Видел в последние поездки в Москву С. Он после Литинститута занимался какой-то коммерцией, понял, что это все-таки не его, и вот опять взялся за стихи. Вообще, он вырос за эти годы (ведь в институте он совсем инфантильным был), и стихи его настоящие по сравнению с институтскими, уже что-то значат. Есть, правда, в самом С. та же прежняя неуверенность в себе, которая то и дело перемежается приступами мании величия, но если бы ему сейчас упереться, то, я думаю, был бы неплохой результат. Боюсь, что ему не хватает сейчас именно этого: аплодисмента, вкуса хотя бы какого-нибудь успеха, хотя бы публикации. Он мне рассказывал какие-то подробности из своих попыток опубликоваться («Новый мир», «Знамя», что-то еще), и, видимо, этот опыт сильно обескуражил его, подействовал болезненно. Ваш «Север», конечно, провинциальный журнал (не обижайся, но что могу сказать в ответ на готовность платить 400 руб. за лист), однако я скажу С. о тебе и о «Севере», если поеду отсюда в Голубовку через Москву. Может быть, он согласится послать что-нибудь вам. Ей-богу, мне он показался в последний раз находящимся именно в таком положении: давно бы уж пора отдаться кому-нибудь, да кому?! Побывал он тут на каких-то поэтических тусовках, в том числе и в Политехническом, что-то тоже ему все не по нраву пришлось. Оно и понятно, мне самому тошно там, где много литераторов, однако что же делать... Неуютно ему сейчас, одиноко. Впрочем, так, наверное, сейчас всякому на Руси, кто не двинулся по магистральному пути дальнейшего ее развития. Я вообще в родной стране чувствую себя в последние годы эмигрантом, не имеющим ни одного общего слова для разговора с туземным населением. И дело вовсе не в пошлом противопоставлении жизни при коммунистах и современной жизни...
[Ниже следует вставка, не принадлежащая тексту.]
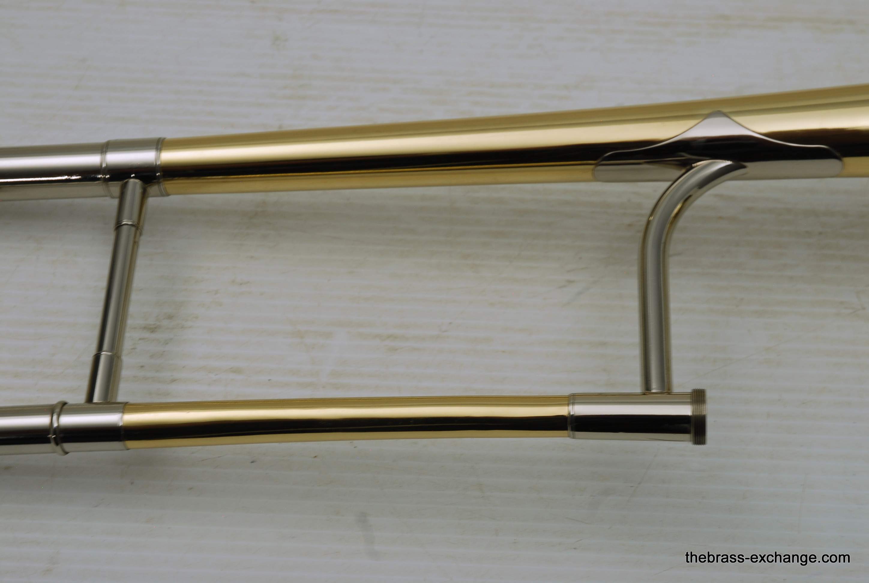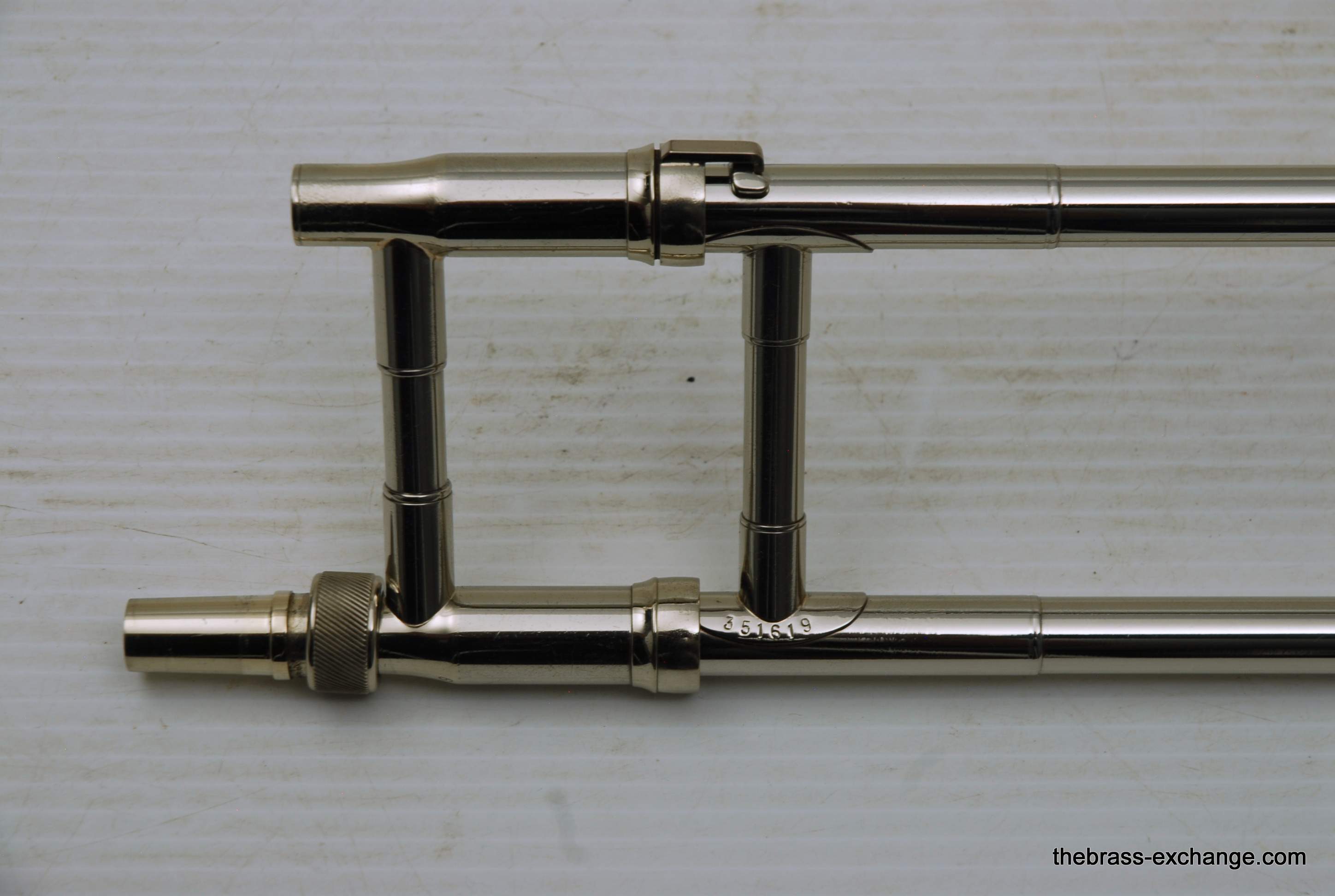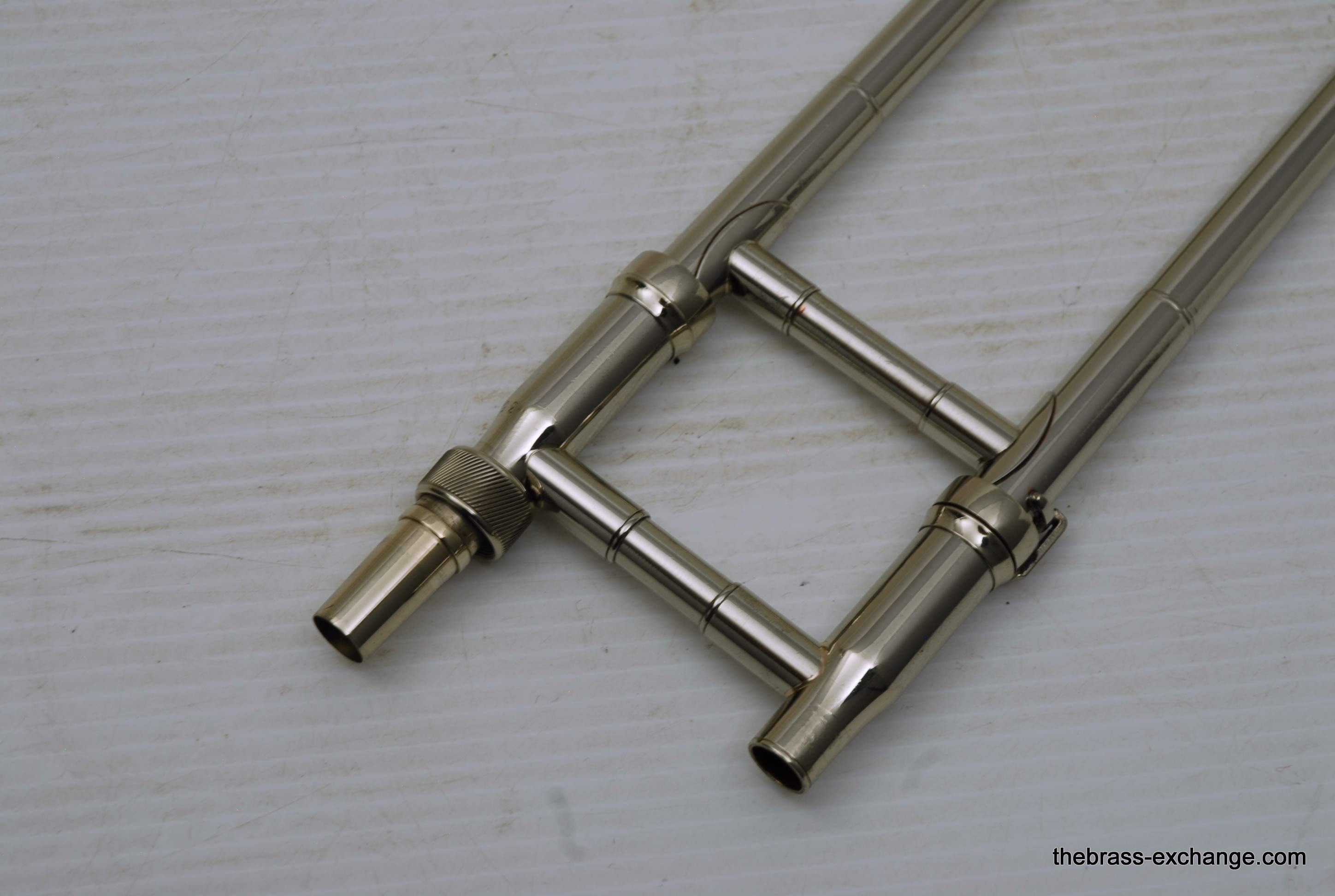 Kingย 3Bย Concert H.N. White 1950's Vintage.ย Was made between 1955-1960, is about the earilest one that we have seen here since the beginning of the Brass Exchange.ย Is most likely from 1956-57.ย King introduced the model in 1954.ย This one is all original parts, has been re-lacquered, many years ago and is in excellent condition. Has the classic 3B 8" Yellow brass bell, lightweight nickel .508 bore handslide.ย J.J. Johnson played this model.ย Kings are well known for a sweet centered sound.ย This one plays easy and comes from the family of the original owner.ย Handslide tubes are in perfect conditon, without defect.ย This 3B has the black/silver coffin case with blue interior.ย It would be harder to find a nicer 1950's 3B concert that this one.ย One of the features of the early 3B's is that the tuning crook is a little longer than the later ones, which definitely effects both sound and pitch.ย I feel that they play easier than the later ones, like 70's 80's and later.ย Would be a fantastic pro level jazz trombone for anyone, all levels of plays.ย In-stock.
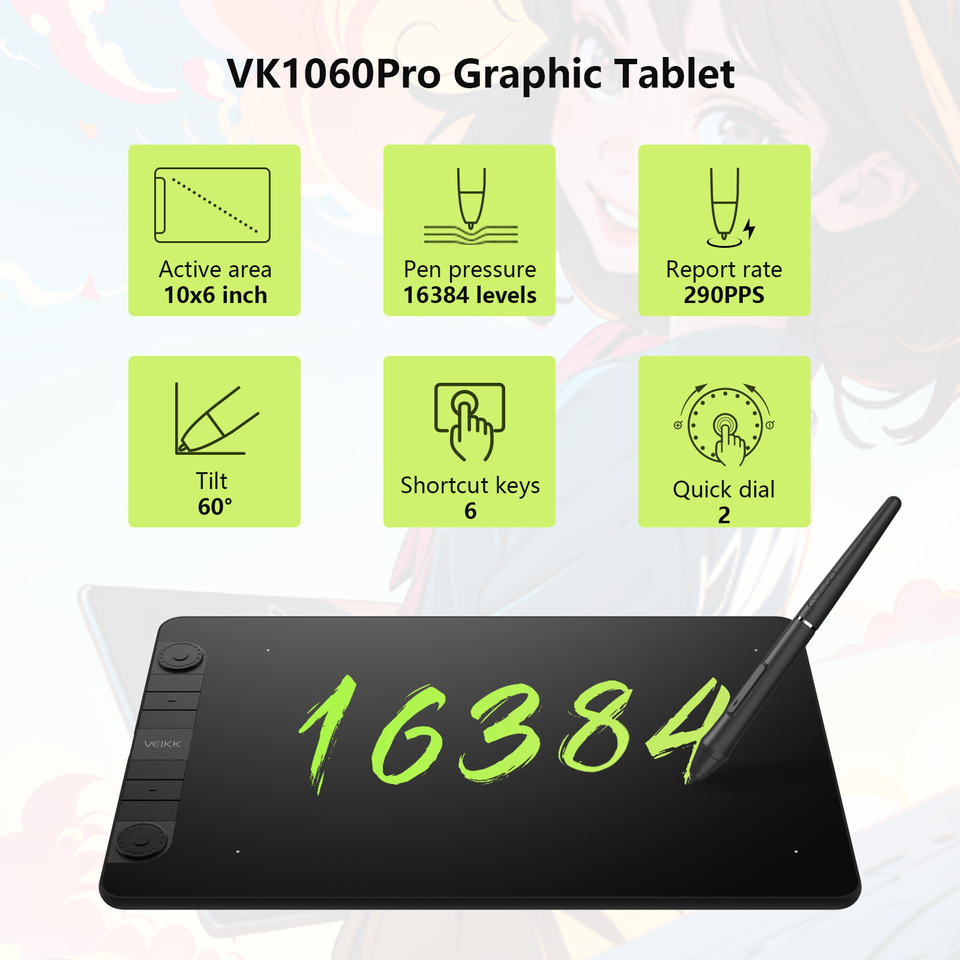 Veikk VK1060โปรแอนดรอยด์ Windows Mac ลินุกซ์ปากกาวาดภาพกราฟิกสำหรับขายแท็บเล็ต
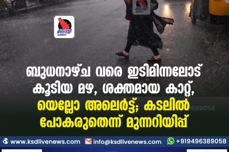 കേരളം ബുധനാഴ്ച വരെ ഇടിമിന്നലോട് കൂടിയ മഴ, ശക്തമായ കാറ്റ്, യെല്ലോ അലര്ട്ട്; കടലില് പോകരുതെന്ന് മുന്നറിയിപ്പ്May 9, 2021
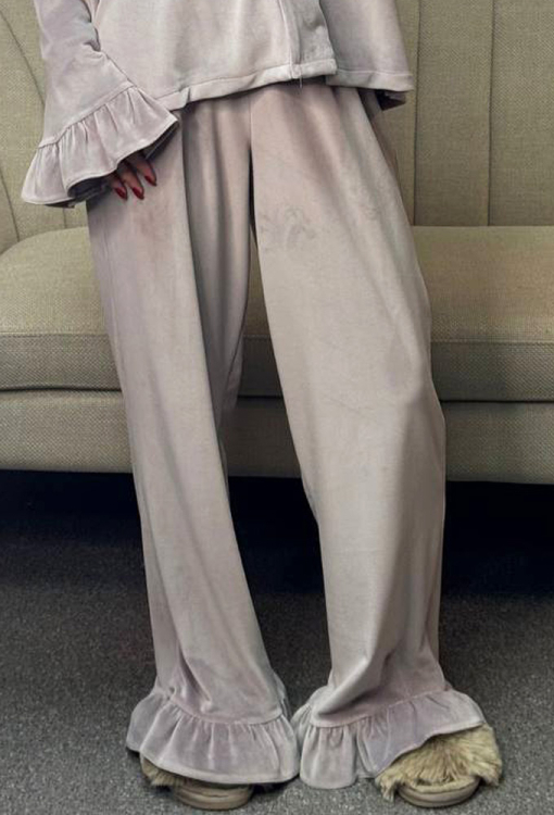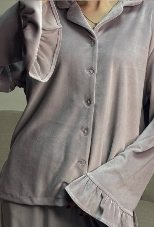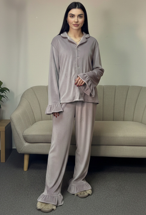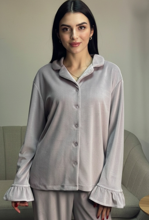 Шикарная женская зимняя пижама от украинского бренда V.Velika. Пижама выполнена из качественного и мягкого велюра пудрового цвета с перламутровым оттенком, состоит из рубашки и штанов свободного силуэта в стиле oversize. Рубашка с длинными рукавами, отложным воротником и небольшими боковыми разрезами, застегивается на пуговицы, рукава обработаны рюшами. Штаны с удобной посадкой и мягкой резинкой в поясе, внизу украшены широкими оборками. Пижама невероятно красивая и комфортная, идеальна как для сна, так и для очаровательного домашнего образа или подарка любиму и близкому человеку.

В «Север» мне послать совершенно нечего. В прозе у меня имеется только роман, пишется медленно, пунктирно — от свободного часа к следующему свободному часу. Для кормежки пописываю статейки, а рассказы не пишутся вовсе. В «Разговорах Гёте» я как-то прочитал, что рядом с большой вещью, если ты ею занят, уже больше ничего не вырастет. И это сущая правда. Кажется, не очень много времени занимает этот роман (в смысле сидения за столом), но, по сути, он занимает все время. Это что-то вроде глиста-солитера, который доводит человека до истощения. А для меня еще вечная проблема — нет нормальных условий для работы. И Голубовка, и Николаевка — это так, временные бивуаки. И ни там, ни здесь нет у меня своего угла, где бы я мог запереться от всяких звуков и вторжений. Как разрешить эту проблему — не знаю. Я вообще не очень умелый решатель жизненных проблем, а в наше-то время тем более. Слава Богу, что как-то удается семью кормить и не бросить при этом заниматься литературой.

Пока что все у меня. Напишу из Голубовки после прочтения твоих стихов... Пиши!

Миша

2.03.2000

Здравствуй, Дима!

Проездом из Николаевки в Голубовку был в Москве, полистал некоторые литературные журналы и в одном из номеров «Нового мира», в обзоре книжных новинок, нашел информацию и о твоей книжке. Эта информация как бы предварила мое знакомство с «Сокрушением снега».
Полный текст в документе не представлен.